You may have read earlier this week that from now on, it is illegal for package tour operators to offer discount holidays only if you agree to buy insurance from them, usually at an inflated rate. Now, you're fully entitled to shop around and get the discount; but that wasn't my problem. We went skiing in Austria last March, and, ever dutiful, I bought accident insurance for the family. World Cover Direct offered untold millions for loss of life or limb at a perfectly acceptable rate, and off we flew to Zurich.

At Bludenz we changed trains, and it was only when we were retrieving our bags from the rack that my husband realised his was missing. Yes, he had loaded it on. No, it wasn't there. Funny, you don't reckon on the sober, sanitised, Swatch-making Swiss as suitcase stealers.

We spoke to the guard, everyone looked under their seats, and I was calm and even sympathetic until I remembered that at the last minute I had shoved my excess effects into my husband's bag, including my black cashmere cardigan, at which point I hyperventilated. "Haben sie Geduld, gnadige Frau," said the guard (Swiss for "Bear with me, madam") and he redoubled his underseat searching.

Worse even than the loss of my cardigan was the discovery that the whole fillet of best Aberdeen Angus we were bringing to our friends in St Anton was in the missing bag. It is to their credit that despite this loss, they provided us with replacement clothing. A pair of socks on the Arlberg costs 17 quid.

Well, never mind, we were insured. Not, alas, for the untold medical millions but for up to pounds 1,500 per suitcase. Back in London we sent police forms and lists of our missing clothing to World Cover Direct and waited. We are still waiting. Now, let me ask you just one question. How many of you keep the receipts for every item of clothing you have bought in the last, say, five years? You don't?
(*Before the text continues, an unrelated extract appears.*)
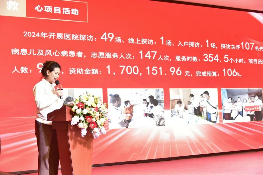 随后,第三服务队秘书长李枝俏作2024年工作总结及财务报告,详细介绍了2024年救心项目、大病救助、助学恤孤、敬老服务、应急救护培训等项目成果。

You mean you throw them away? Well, I'm sorry, without receipts, without proof that your suitcase was, in fact, full of clothes and not old newspapers, World Cover Direct cannot possibly compensate you for your loss. But I don't keep receipts, and anyway the cardigan was a present from my mum, I said. In that case, the appropriate bank or credit card statement with the item showing would do, said World Cover Direct.
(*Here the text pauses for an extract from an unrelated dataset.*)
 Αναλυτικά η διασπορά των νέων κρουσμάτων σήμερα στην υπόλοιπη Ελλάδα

Another confession. I don't keep bank statements either. They are read, marvelled at (surely I can't be that much overdrawn), binned. And if you think I'm bad, consider my friend Nicky Freud, who does the same with Christmas cards. "You're supposed to hang them up on ribbons until Twelfth Night," I once told her. "Nonsense, they're just more bloody mess," she said.
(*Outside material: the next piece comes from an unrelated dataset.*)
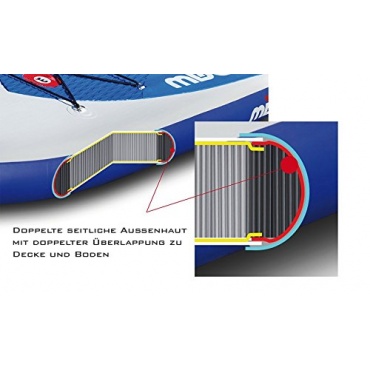 Das Standup Paddel Board ist ein Allround-Inflatable. Es ist sehr stabil und hält selbst kleinen Stößen mühelos stand. Dabei überzeugt es mit einem Gewicht von nicht einmal 10 Kilo, wodurch dich das Board problemlos transportieren lässt. Es ist leicht und handlich, wodurch es mehr Sportlichkeit verspricht. Dabei bietet es ein ansprechendes Design. Das Standup Paddel Board kann bis zu 190 Kilogramm belastet werden und lässt sich daher problemlos von bis zu zwei Personen nutzen.

So anyway, I trudged around my usual shops, begged duplicate receipts and sent them off. Not good enough. Where were the receipts for the contents of my sponge bag?

By now it's June. My husband is still waiting to be sent receipts for the trainers and sports shirts he bought in Wimbledon last Christmas. Our claim is being attended to, say World Cover Direct.

Months pass. The shadows lengthen, the nights draw in. I miss my cardigan. And then last week, an investigator from St Albans called Mr Caroline turned up on my doorstep to take a statement for World Cover Direct.

It would take at least an hour. Name, age, occupation etc, and more. Was I born in this country? No? Then when did I arrive in Britain? Did we rent our flat? That's none of your business, I told him. In fact, it's an impertinence, and besides, what has it got to do with the missing piece of luggage?

"I have to take an official statement," said Mr Caroline, scribbling. "You say the incident occurred at Bludenz [he made it sound like Gomorrah], you informed the guard and made subsequent enquiries. Did you find the missing case?" Well of course not, I said, or we wouldn't be sitting here now, would we?

By the time we got to arguing about the value of my cashmere cardigan I was ready to give up. Yes, it really will cost pounds 150 to replace, I've checked, I said. But the insurance only covers its second-hand value which couldn't be more than pounds 20, said Mr Caroline.

Bear with me please while I stick this pin in the waxen effigy of a travel insurance consultant. I've just bought it. I've kept the receipt.